Purpose: This study aimed to quantify the risk of gastrointestinal cancer following Hodgkin's disease treatment according to age at treatment, type of treatment, and anatomic sites.
Methods and materials: Cases were identified from the records of 2,441 patients treated for Hodgkin's disease between 1961 and 1994. Follow-up averaged 10.9 years, representing 26,590 person-years of observation. Relative risks (RR) for gastrointestinal cancer incidence and mortality were computed by comparison with expected annualized rates for a general population matched for age, sex, and race.
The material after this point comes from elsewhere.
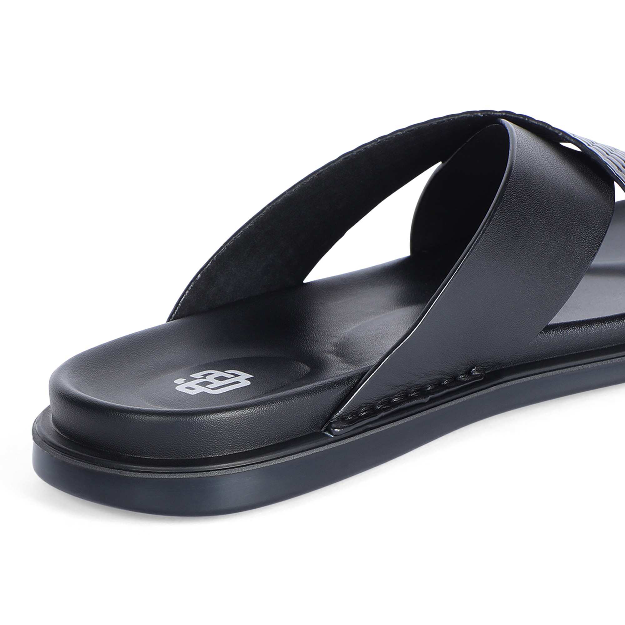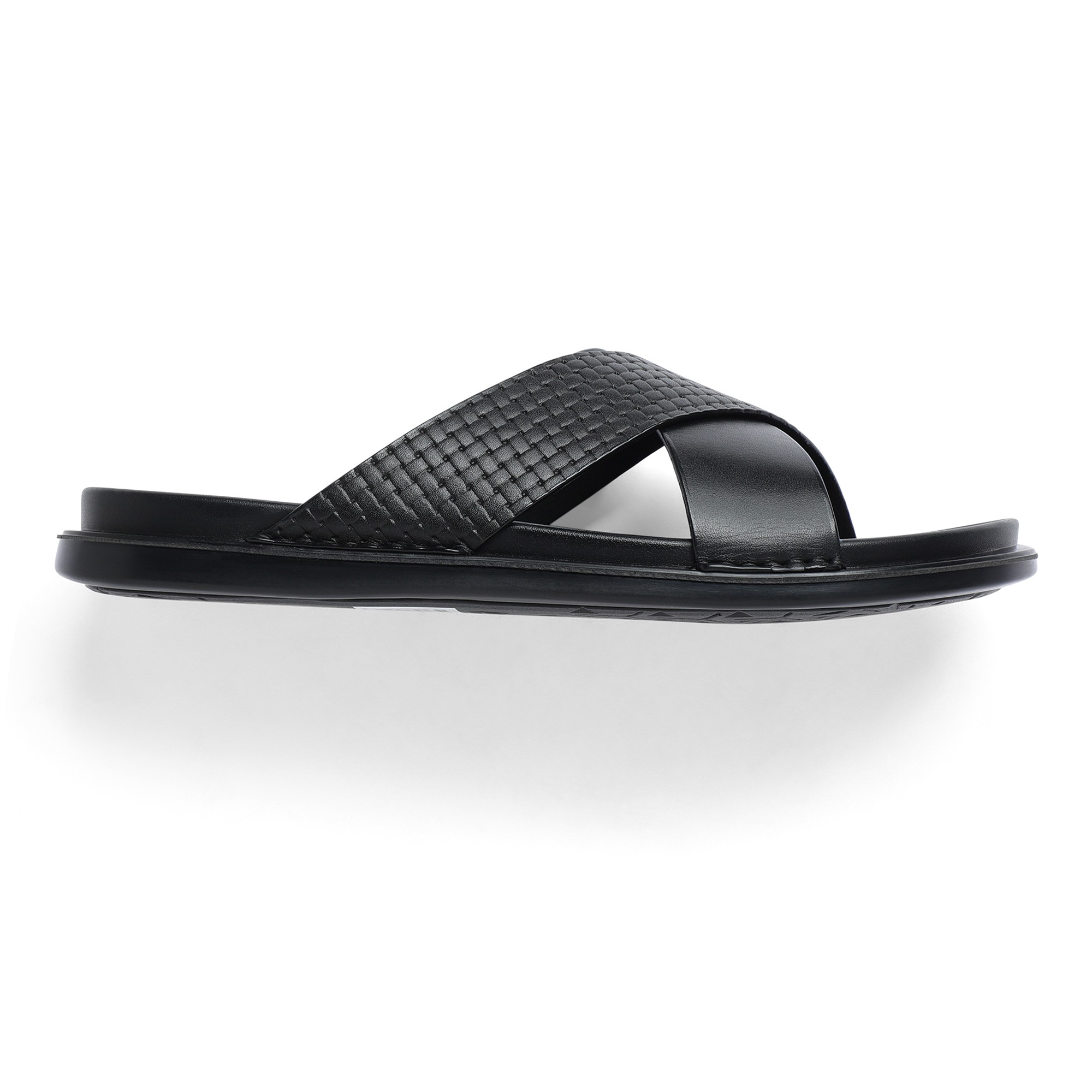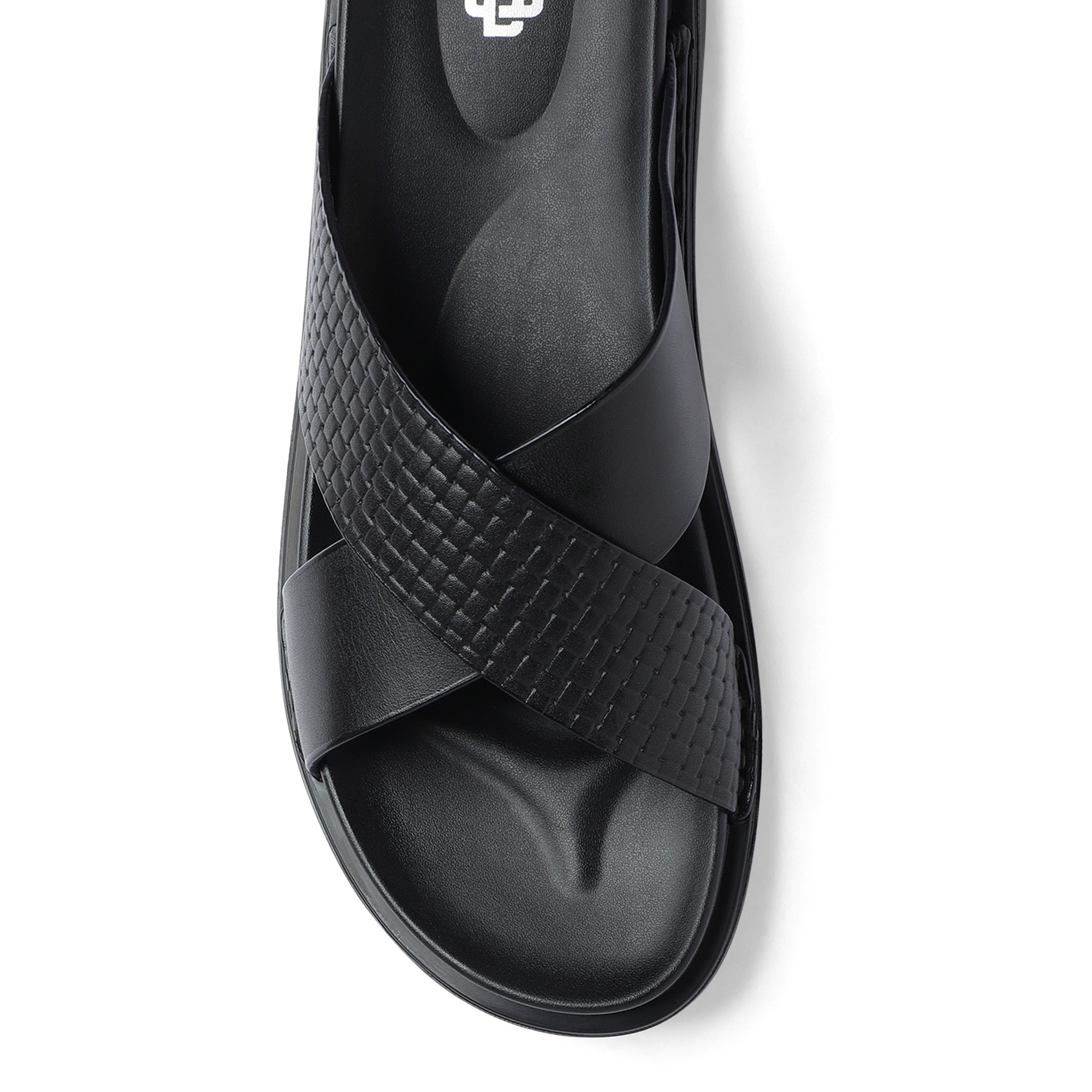 These men's leather sandals seamlessly blend fashion and function. The premium leather construction and contoured footbed deliver all-day comfort, while the modern black design effortlessly complements any casual outfit. Transition from the office to the beach with ease in these versatile, stylish sandals.

Results: Gastrointestinal cancers developed in 25 patients. The incidence RR was 2.5 [95% confidence interval (CI), 1.5-3.5] and mortality RR was 3.8 (CI, 2.4-4.7). Sites associated with significantly increased risks included the stomach [RR 7.3 (CI, 3.4-13.8)], small intestine [RR 11.6 (CI, 1.9-38.3)], and pancreas [RR 3.5 (CI, 1.1-8.5)]. Risk was significantly elevated after combined modality therapy, RR 3.9 (CI, 2.2-5.6). The risk after radiotherapy alone was 2.0 (CI, 1.0-3.4), not a statistically significant elevation. The RR for gastrointestinal cancer was greatest after treatment at young age and decreased with advancing age. It was significantly elevated within 10 years after treatment [RR 2.0 (CI, 1.1-3.5)] and increased further after 20 years [RR 6.1 (CI, 2.5-12.7)]. Risk assessed by attained age paralleled risk according to age at treatment. Fifteen cases of gastrointestinal cancers arose within the irradiation fields.
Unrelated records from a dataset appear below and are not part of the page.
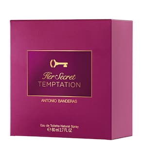 Her Secret Temptation, de Banderas, é um perfume feminino que transmite a elegância refinada de paixões arrebatadoras em notas que combinam o máximo de feminilidade e mistério. O ar cítrico e luminoso do Néroli capta o interesse assim como os passos da mulher que usa a essência. As Pétalas de Rosas da Bulgária recebem o amadeirado do Cedro, dupla que forma uma composição intensamente sofisticada.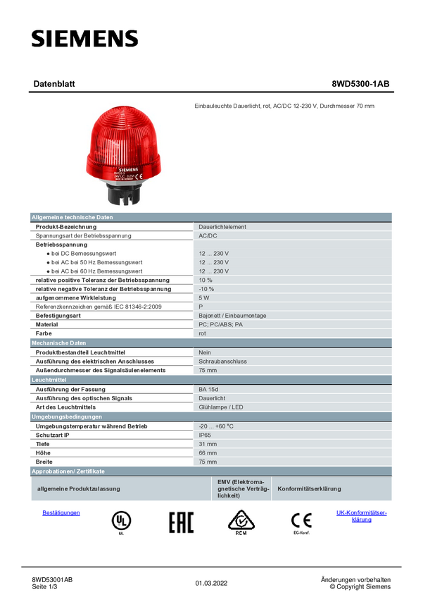 Lampa sygnalizacyjna Siemens 8WD5300-1AB (Ø x W) 70 mm x 66 mm 1 szt.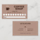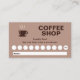 Una simple tarjeta de fidelidad en tonos marrones con un ilustracion para una cafetería, un bar, un restaurante, una tostadora de café, una tienda de té, etc. Puede distribuirlos a sus clientes para que generen lealtad. Éstos vienen con 9 círculos vacíos por 10° gratis. En la parte posterior, encontrará información sobre el personalizable decorada con iconos y horarios de apertura.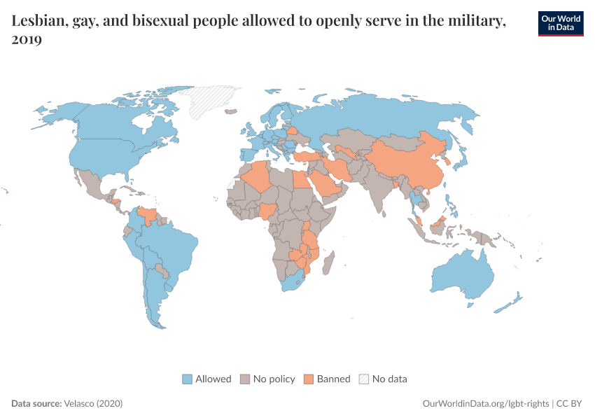 “Data Page: Lesbian, gay, and bisexual people allowed to openly serve in the military”, part of the following publication: Bastian Herre and Pablo Arriagada (2023) - “LGBT+ Rights”. Data adapted from Velasco. Retrieved from https://chart-preview-extension.owid.pages.dev:8789/20251023-195030/grapher/lgb-military-velasco.html [online resource] (archived on October 23, 2025).How to cite this data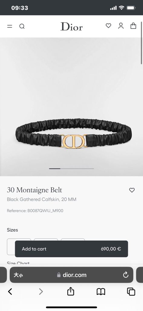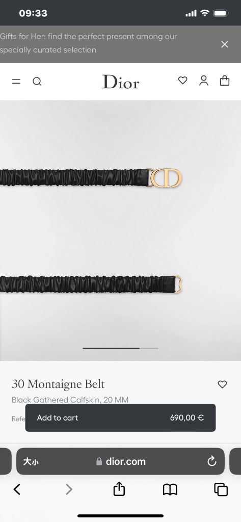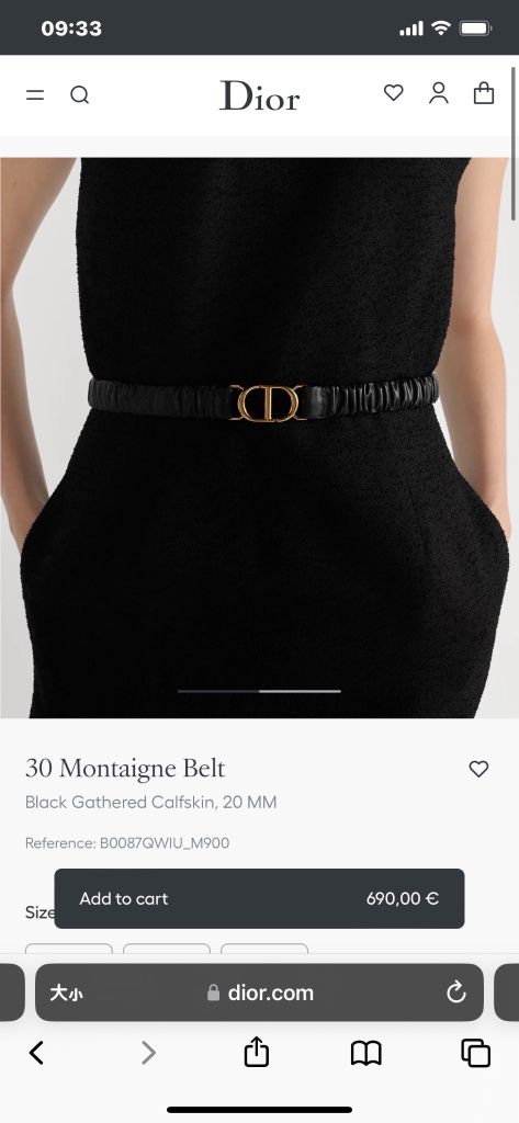 THẮT LƯNG NỮ DR 30 MONTAIGNE BẢN 20MM – DA BÊ NHÚN ÔM EO, KHÓA CD ÁNH VÀNG 1050K (HÀNG ORDER QUỐC TẾ)*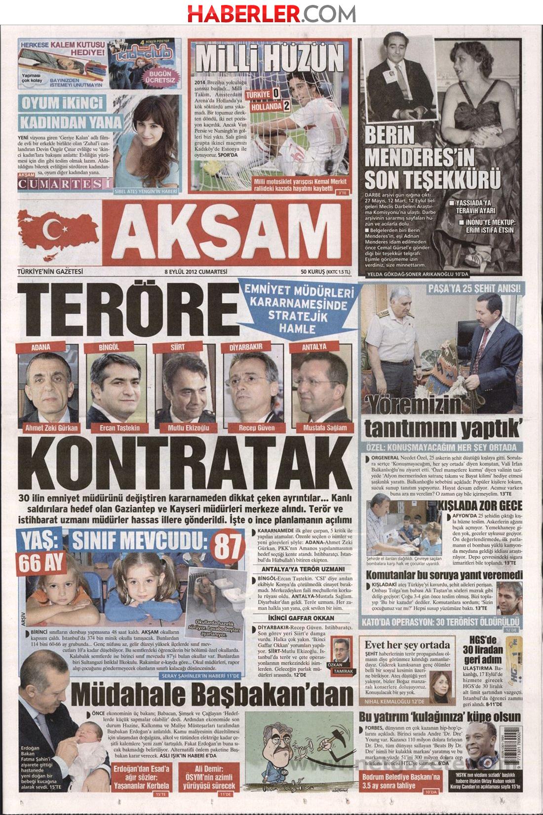 «Αντεπίθεση στην τρομοκρατία» είναι ο τίτλος της Akşam. H τουρκική εφημερίδα αναφέρει πως έγιναν αλλαγές στις θέσεις των 30 διευθυντών ασφαλείας πολλών πόλεων όπως του Γκαζίαντεπ και της Καισάρειας που είχαν γίνει στόχοι τρομοκρατικών επιθέσεων. Η εφημερίδα θεωρεί πως οι αλλαγές αυτές μπορούν να φέρουν αποτελέσματα στην καταπολέμηση της τρομοκρατίας.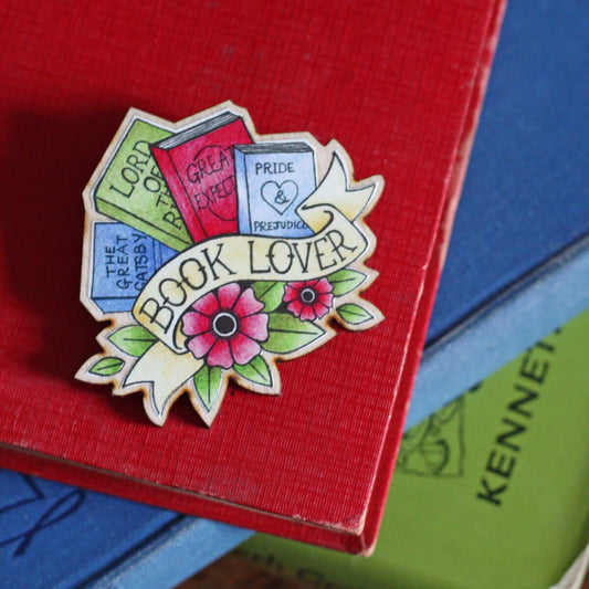 Brooch / Pin / Badge - Book Lover Tattoo - Wooden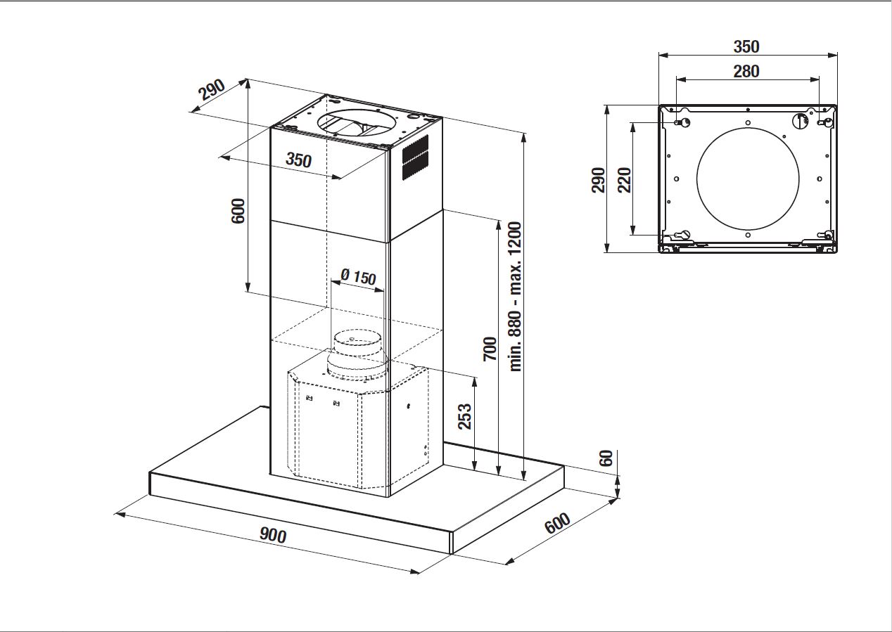 Скорость вытяжки: макс. нормальная мощность 580 м3/ч, интенсивный режим мощности 700 м3/ч

Conclusion: Patients treated for Hodgkin's disease are at modestly increased risk for secondary gastrointestinal cancer, especially after combined modality therapy and treatment at a young age. Risk was highest more than 20 years after treatment, but was significantly elevated within 10 years. Gastrointestinal sites with increased risk included the stomach, pancreas, and small intestine.